## DATASET EXTRACT
◆ ◆ ◆ ◆ ◆ ◆ ◆

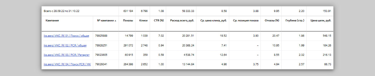 Анализ статистики и семантики старых кампаний показал, что было много нецелевых переходов по рекламе. Например, на поиске использовались информационные ключи (пользователи искали информацию, а не товар для приобретения), соответственно, по ним были переходы, но не было ни лидов, ни продаж. Изучив картину, агентство собрало тематики, которые нужно отсечь.
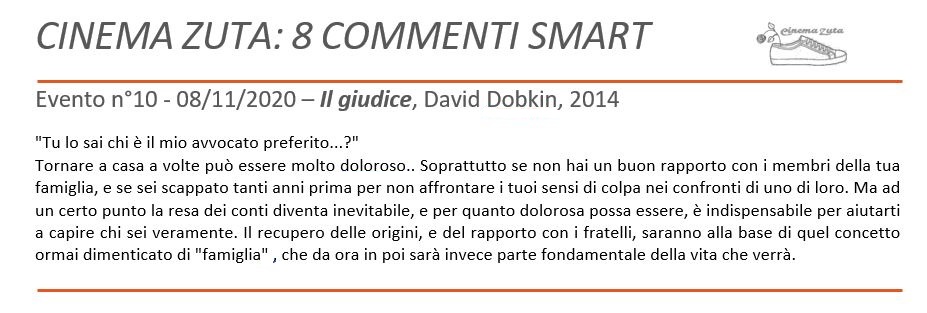 2) (Il giudice) "Tu lo sai chi è il mio avvocato preferito...?" Tornare a casa a volte può essere molto doloroso.. Soprattutto se non hai un buon rapporto con i membri della tua famiglia, e se sei scappato tanti anni prima per non affrontare i tuoi sensi di colpa nei confronti di uno di loro. Ma ad un certo punto la resa dei conti diventa inevitabile, e per quanto dolorosa possa essere, è indispensabile per aiutarti a capire chi sei veramente. Il recupero delle origini, e del rapporto con i fratelli, saranno alla base di quel concetto ormai dimenticato di "famiglia" , che da ora in poi sarà invece parte fondamentale della vita che verrà.
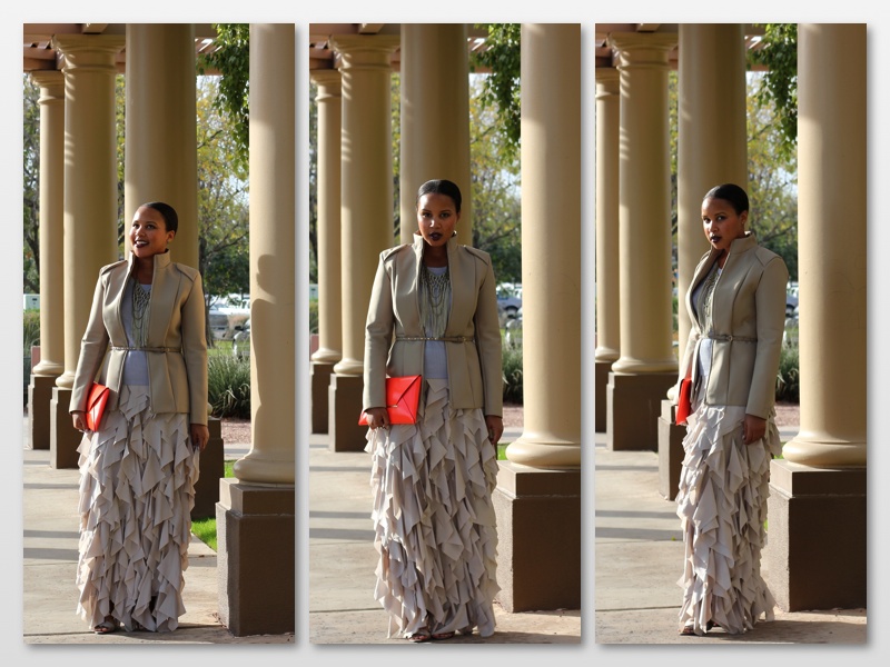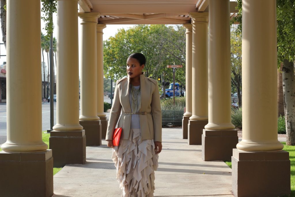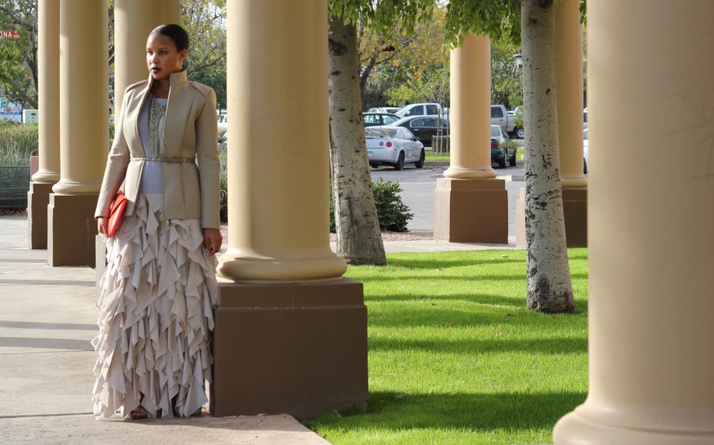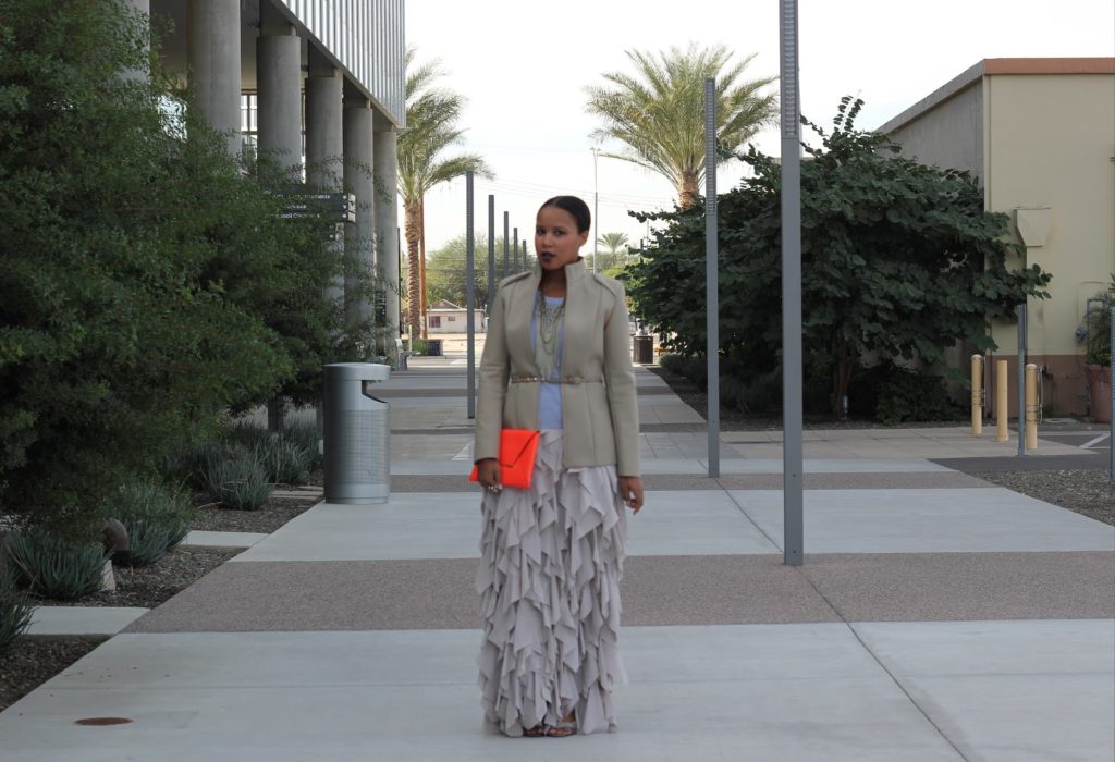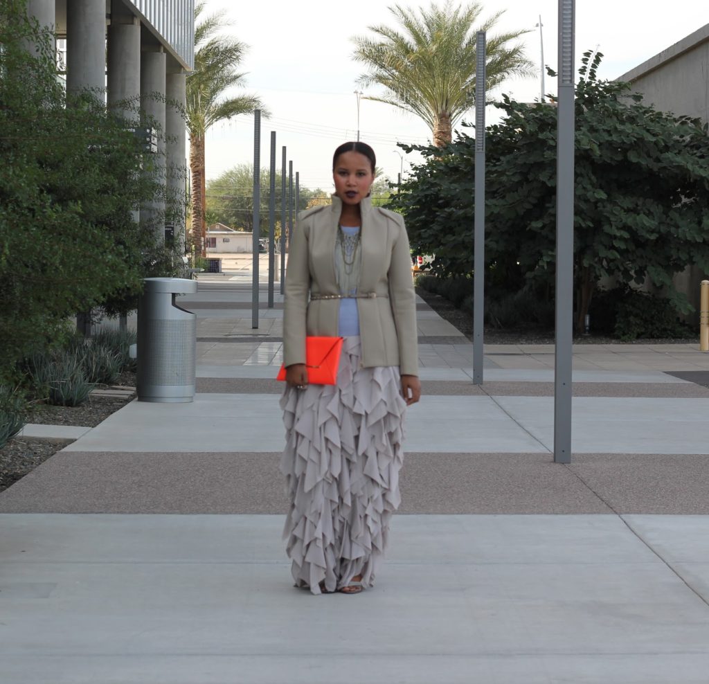 Moving on, this neutral collaboration is a great option for upcoming holiday parties. Wear head-to-toe neutrals with a pop of color, add a show stopping maxi skirt and you’re the bell of the ball. Please note, this outfit is sexy and stylish with little to no exposed skin. Yes, it can be done folks…

◆ ◆ ◆ ◆ ◆ ◆ ◆

## THE TASK
An unchanged copy of the data, images excluded, is all that should be given.

## RESPONSE FOR THIS EXERCISE
 Анализ статистики и семантики старых кампаний показал, что было много нецелевых переходов по рекламе. Например, на поиске использовались информационные ключи (пользователи искали информацию, а не товар для приобретения), соответственно, по ним были переходы, но не было ни лидов, ни продаж. Изучив картину, агентство собрало тематики, которые нужно отсечь.
 2) (Il giudice) "Tu lo sai chi è il mio avvocato preferito...?" Tornare a casa a volte può essere molto doloroso.. Soprattutto se non hai un buon rapporto con i membri della tua famiglia, e se sei scappato tanti anni prima per non affrontare i tuoi sensi di colpa nei confronti di uno di loro. Ma ad un certo punto la resa dei conti diventa inevitabile, e per quanto dolorosa possa essere, è indispensabile per aiutarti a capire chi sei veramente. Il recupero delle origini, e del rapporto con i fratelli, saranno alla base di quel concetto ormai dimenticato di "famiglia" , che da ora in poi sarà invece parte fondamentale della vita che verrà.
 Moving on, this neutral collaboration is a great option for upcoming holiday parties. Wear head-to-toe neutrals with a pop of color, add a show stopping maxi skirt and you’re the bell of the ball. Please note, this outfit is sexy and stylish with little to no exposed skin. Yes, it can be done folks…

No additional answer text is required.